Goal of the exercise. After locating the line that contains "Играет на Counter" in the data below, set down exactly that line and each one after it through the line that contains "Connor Story and", and nothing more.

Entries provided.

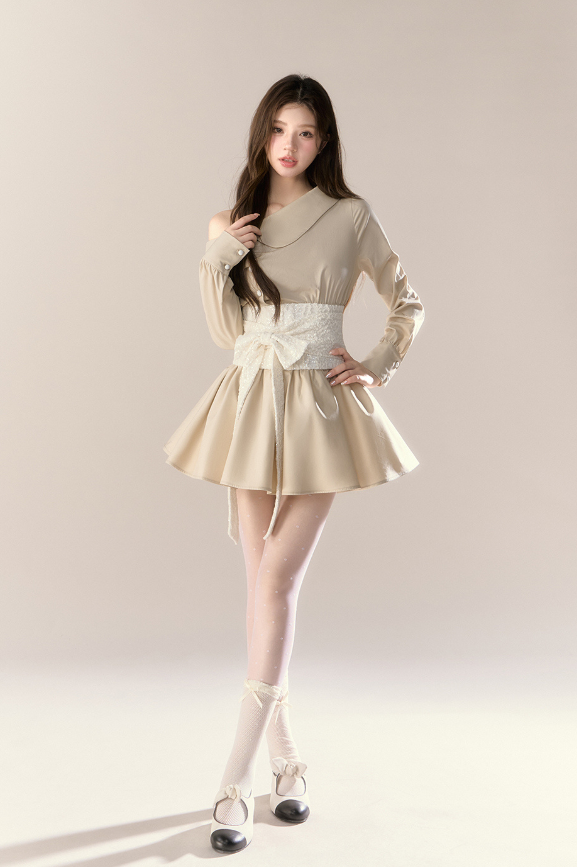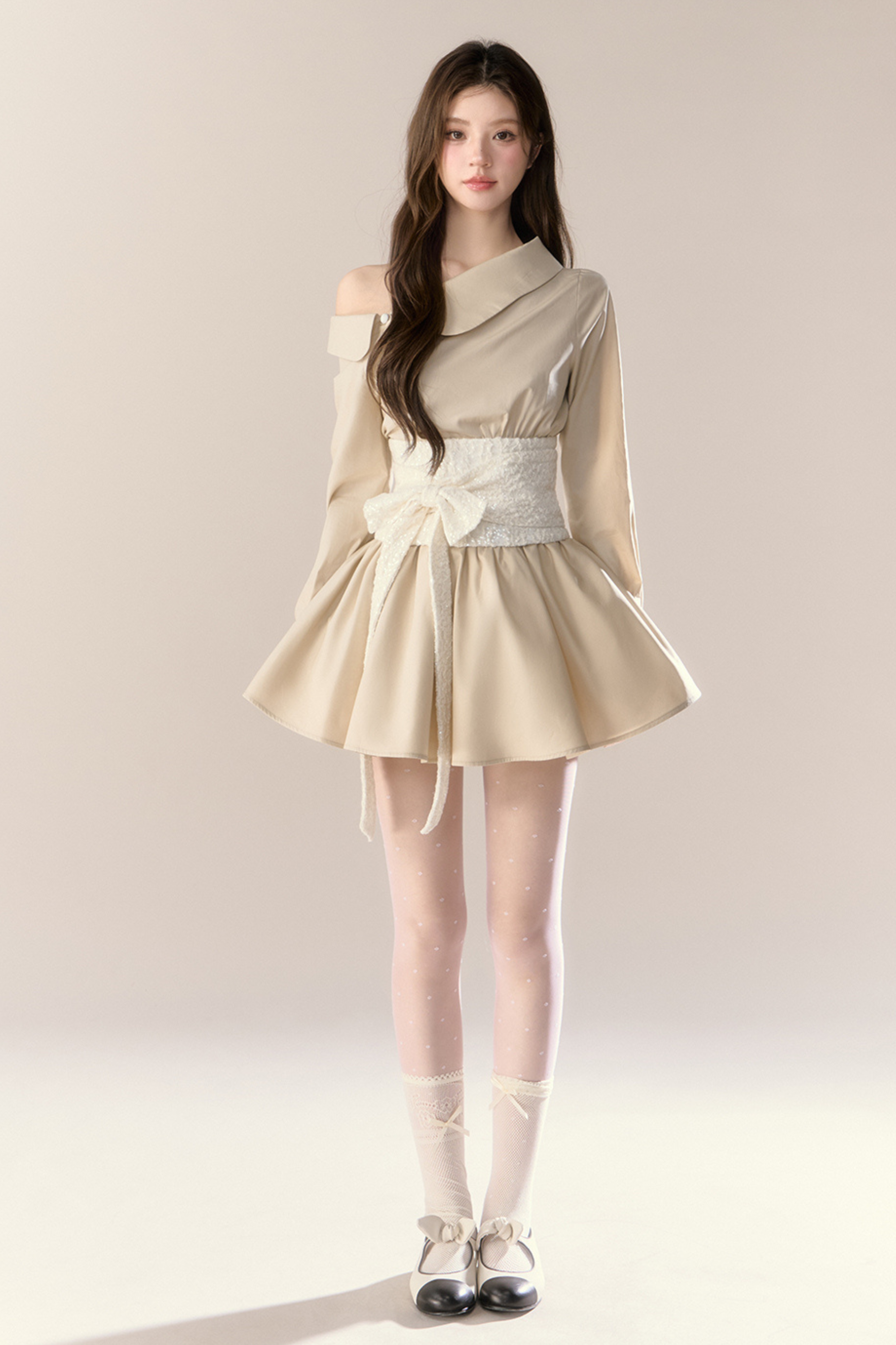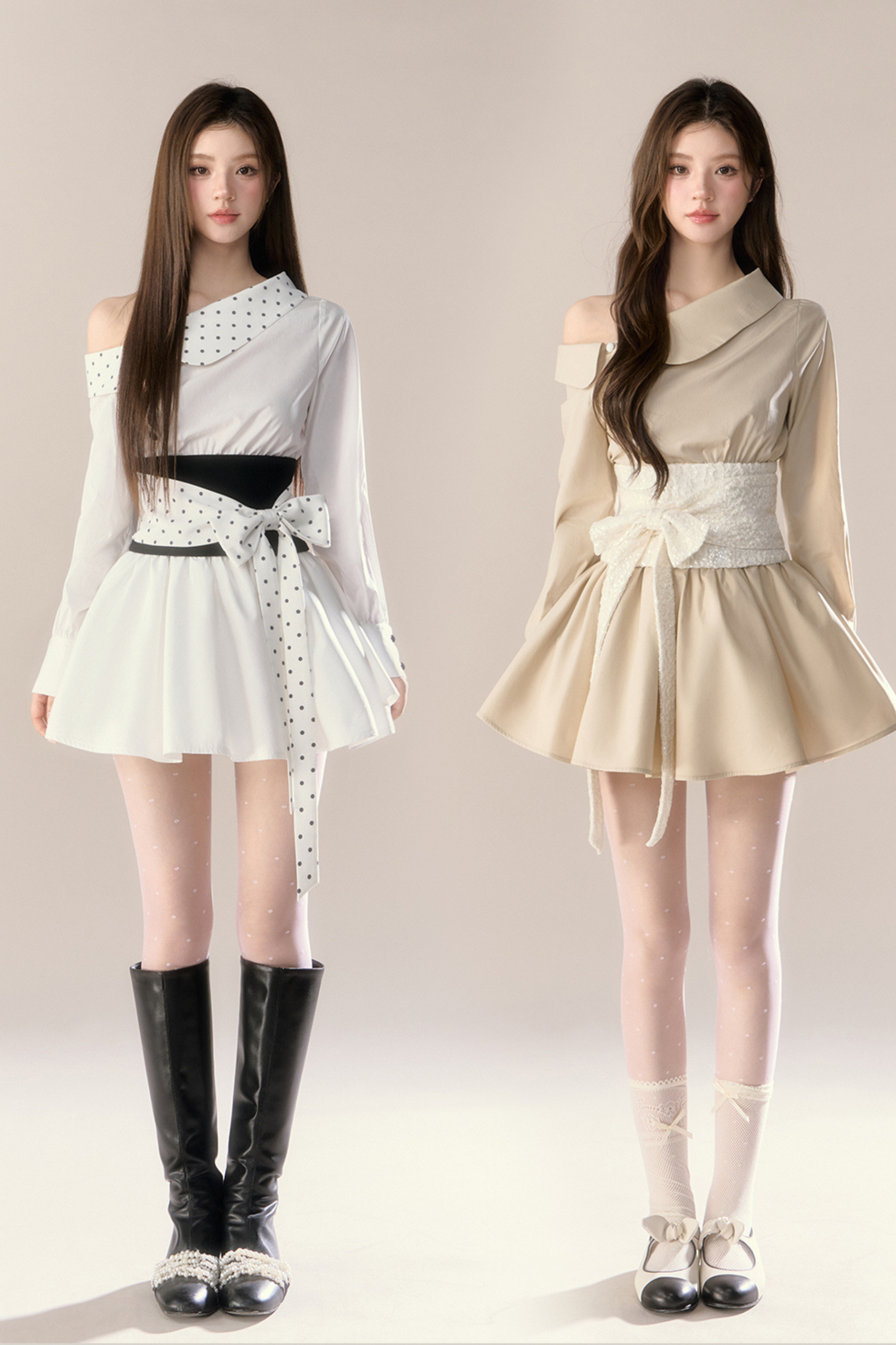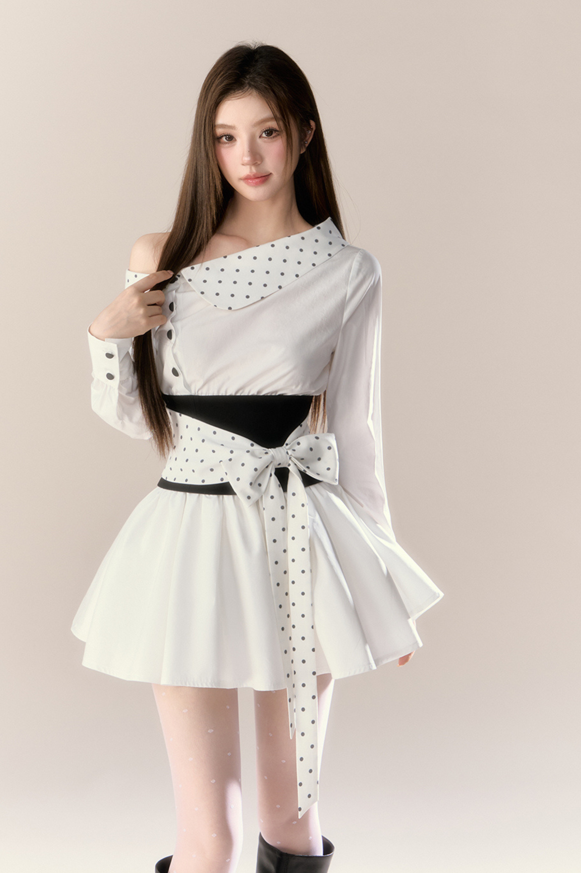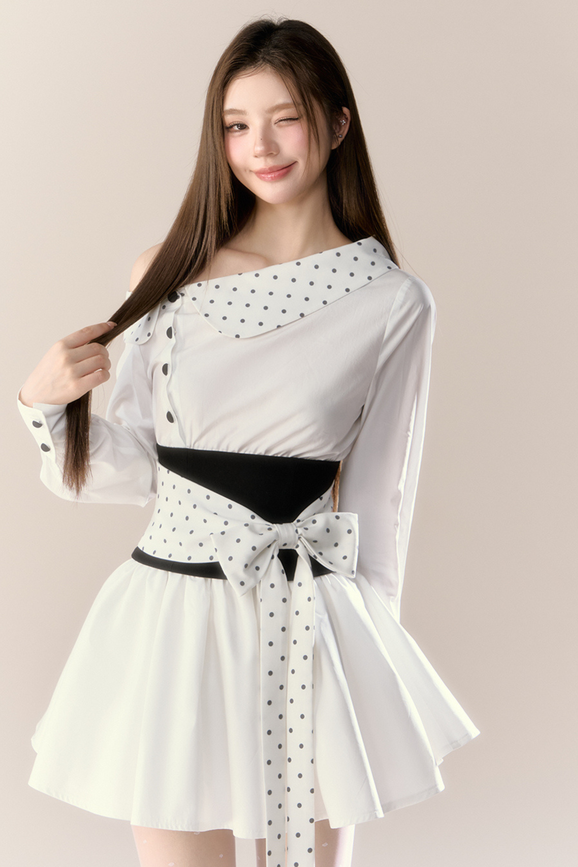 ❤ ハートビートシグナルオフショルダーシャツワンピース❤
...
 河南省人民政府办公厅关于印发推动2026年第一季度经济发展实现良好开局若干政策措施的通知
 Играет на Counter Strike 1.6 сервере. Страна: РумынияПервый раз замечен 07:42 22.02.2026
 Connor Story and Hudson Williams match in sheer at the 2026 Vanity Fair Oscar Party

Response to the exercise.
 Играет на Counter Strike 1.6 сервере. Страна: РумынияПервый раз замечен 07:42 22.02.2026
 Connor Story and Hudson Williams match in sheer at the 2026 Vanity Fair Oscar Party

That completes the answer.